After irradiation in the rats we have observed the focal pneumonia, focal seats of stress reaction dilated plethoric capillaries of the intra-alveolar septa, extravasates, the seats of edema, the diffuse and seat thickening of the intra-alveolar septa with histiocytic and macrophagal infiltration. The intensity of these changes varied from moderate to pronounced. Mucoso-associated lymphoid tissue (MALT) had signs of atrophy and a decrease of activity as a result of the decreased volume of lymphoid tissue and absence of germinal centers (Fig. 6).
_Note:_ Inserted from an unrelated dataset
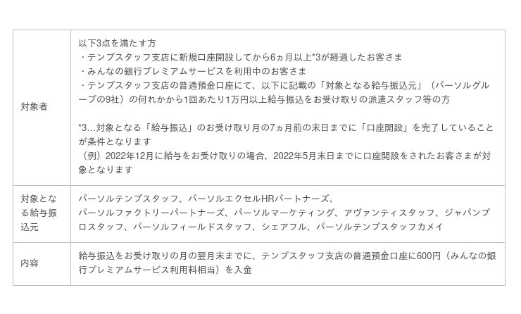 今回提供を開始する「はたらくサポートプログラム」では、そのアクションを更に強化するために、テンプスタッフ支店の預金口座で給与振込をお受け取りの派遣スタッフ等*1を対象に、みんなの銀行のプレミアムサービス利用料をキャッシュバックする取り組みを含む3つの特典を常設プログラムとしてスタートいたします。
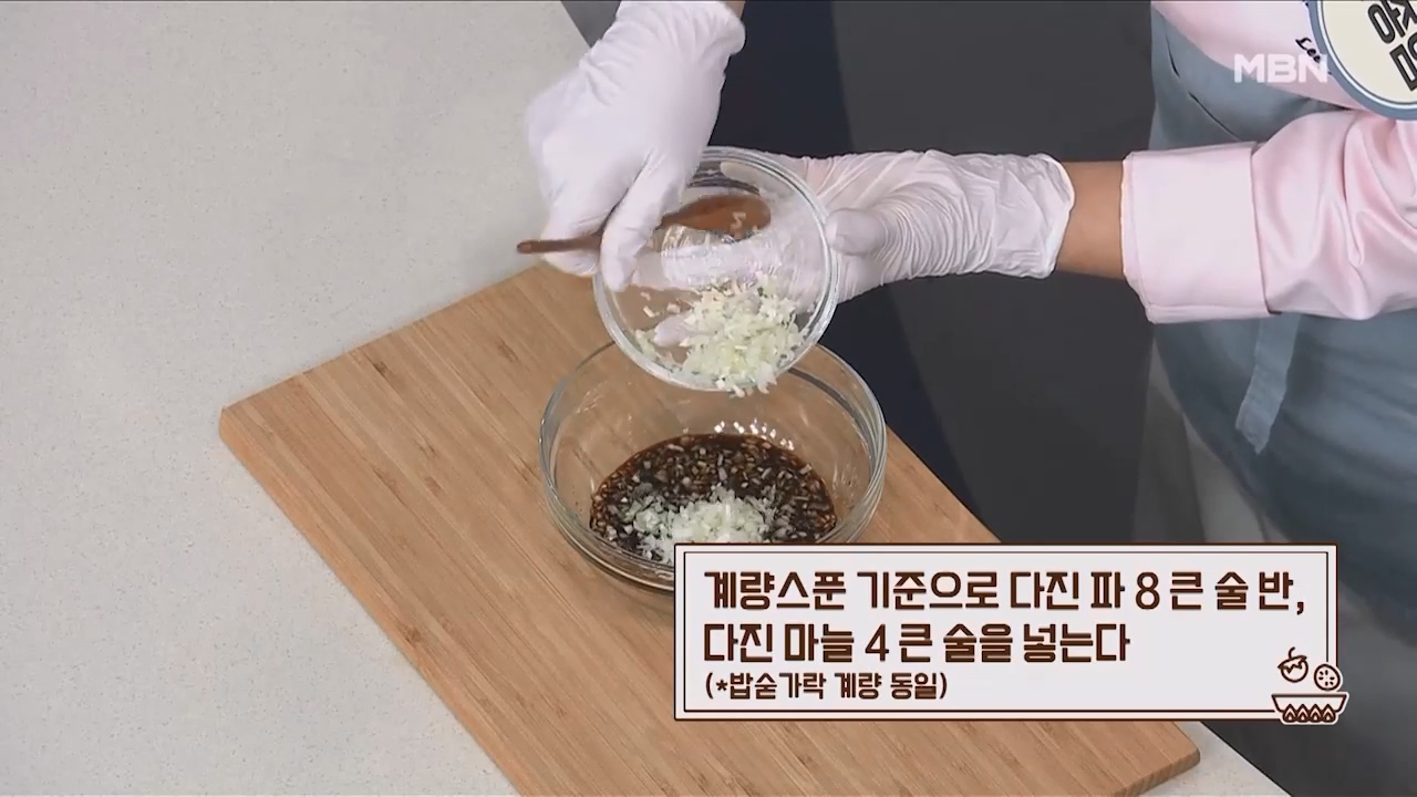 7. 계량스푼 기준으로 다진 파 8큰술 반, 다진 마늘 4큰술을 넣습니다. (밥숟가락 계량 동일)

Fig. 6. The slides of the lungs of radiation-exposed animals: alveolar septae are thickened, infiltrated with histiomacrophagal elements, capillaries are dilated (a); focus of clear dilatation of capillaries with haemorrhage (b). Hematoxylin-eosin, × 200 (a), × 400 (b)
The employment of the Device lead to a decrease of lung damage. The focuses of pneumonia had a small size and of insignificant intensity, and were revealed only in some animals. In the majority of the observations the lung had an ordinary structure with single areas of atelectases, dystelectases and emphysema. MALT also returned to normal. In some animals the perivascular lymphoid infiltration, which is evidence of the delayed hypersensitivity, was seen (Fig. 7, Fig. 8).The kidneys of the rats from both groups showed similar changes — insignificant dilatation and congestion of the vessels, some hemorrhages. The injure of glomeruli was represented by hyper cellularity and the collapse of the capillaries. Tubules were normal or dilated, with the focuses of protein-hydropic or sometimes fatty dystrophy. These changes were more typical for the control group.
Fig. 7. The slides of the lungs of the radiation-exposed animals treated with the Device: focuses of the slight thickening of alveolar septae, infiltration with histiomacrophagal elements, capillaries are dilatation (a); structure of the lung is close to the normal one (b). Hematoxylin-eosin, × 100 (a) and × 40 (b)
Fig. 8. MALT of the radiation-exposed animals with the signs of reduction (a); MALT of the radiation-exposed animals treated with the Device; significant hyperplasia, reactive changes, large reactive centers (b). Hematoxylin-eosin, × 200
The general alignment of glomeruli injure in control group was 3.36, in the main group 1.99 (Fig. 9, 10).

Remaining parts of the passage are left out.